Let $m$ be a constant.
Say I have a particle moving with constant speed $u$ along the curve in $x-y$ plane given in polar coordinates by $r=e^{m\theta}$, where $r$ is the radius. I think I can parametrize this as: $$f(t)=e^{mt}(\cos(t),\sin(t)),$$ it starts at $t=0$ and hence at radius $r=1$.
- I want to find the particles distance from the origin at time $t$.
So I find the velocity by deriving $f(t):$ $$\dot{f}(t)=(me^{mt}\cos(t)-e^{mt}\sin(t),me^{mt}\sin(t)+\cos(t)),$$ and so if I take the euclidean norm, to find the speed, I have: $$\|\dot{f}(t)\|=e^{mt}(1+m^2),$$ where we have that $u$ is the constant velocity, so: $$e^{mt}(1+m^2)=u,$$ this disturbs me, since as $t$ increases, where $m$ is constant, the LHS increases, yet the RHS i.e. speed is constant, so this cannot be possible?

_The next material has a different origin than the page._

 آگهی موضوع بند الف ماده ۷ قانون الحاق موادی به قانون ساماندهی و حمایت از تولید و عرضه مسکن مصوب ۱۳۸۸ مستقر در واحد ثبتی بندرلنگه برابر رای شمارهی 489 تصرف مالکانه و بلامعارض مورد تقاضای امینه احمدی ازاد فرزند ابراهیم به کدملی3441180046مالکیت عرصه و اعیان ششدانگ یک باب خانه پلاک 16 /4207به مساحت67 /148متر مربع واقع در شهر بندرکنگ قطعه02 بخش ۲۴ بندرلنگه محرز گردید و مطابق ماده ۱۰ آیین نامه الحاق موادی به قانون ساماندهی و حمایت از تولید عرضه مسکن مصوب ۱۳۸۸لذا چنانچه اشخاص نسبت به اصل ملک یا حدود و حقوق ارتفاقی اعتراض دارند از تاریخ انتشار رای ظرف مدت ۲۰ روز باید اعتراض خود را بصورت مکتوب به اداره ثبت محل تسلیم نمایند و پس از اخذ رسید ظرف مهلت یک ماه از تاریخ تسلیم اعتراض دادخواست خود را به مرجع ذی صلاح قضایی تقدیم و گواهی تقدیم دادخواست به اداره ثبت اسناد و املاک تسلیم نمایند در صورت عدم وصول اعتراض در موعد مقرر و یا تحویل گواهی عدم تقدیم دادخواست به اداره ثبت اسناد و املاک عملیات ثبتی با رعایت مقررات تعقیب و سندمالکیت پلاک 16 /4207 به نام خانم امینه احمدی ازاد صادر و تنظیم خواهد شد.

Then I suppose I have to reparametrize my path with some function of $h(t)$ in place of $t$, so as to ensure it is moving at the correct speed?

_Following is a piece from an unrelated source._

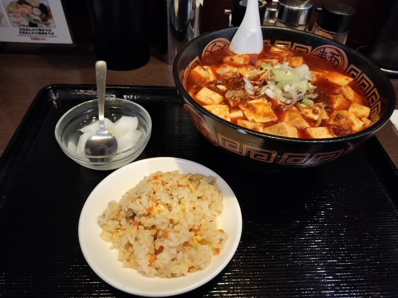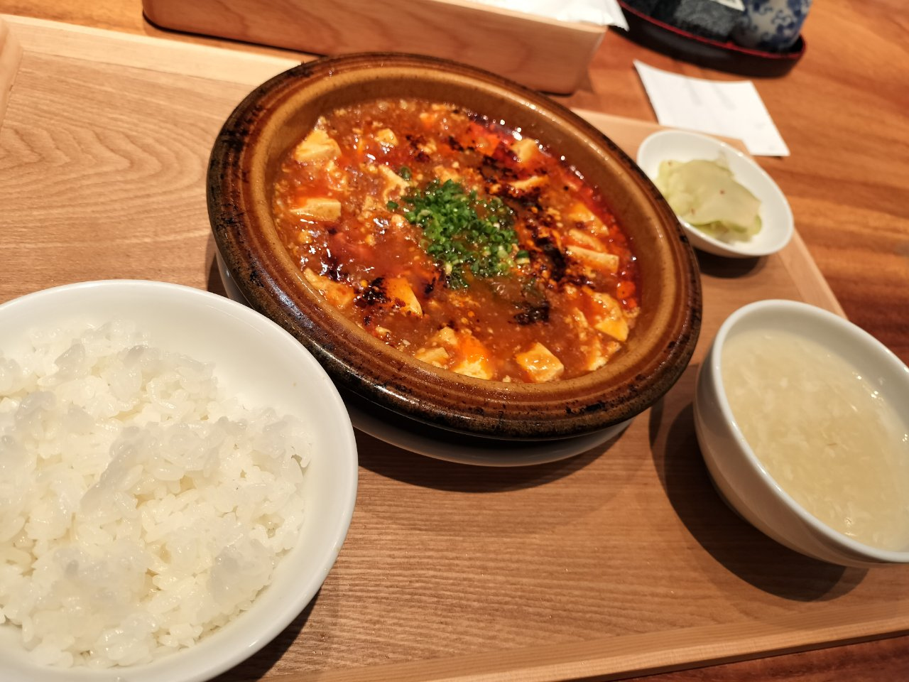 程よい辛さの麻婆豆腐とご飯、美味しい。

The curve $f(t) = e^{mt} [\cos(t), \sin(t)]$ does indeed have nonconstant speed $e^{mt} \sqrt{m^2+1}$. In order to make the speed constant, you could take $t = T(s)$ where $$\dfrac{dT}{ds} = e^{-mT}$$ The solutions to this differential equation are $$ T(s) = \frac{1}{m} \ln(a + m s) $$ for arbitrary constant $a$. Thus you could parametrize your curve as $$ F(s) = (a + m s) \left[\cos\left(\frac{\ln(a+ms)}{m}\right), \; \sin\left(\frac{\ln(a+ms)}{m}\right)\right] $$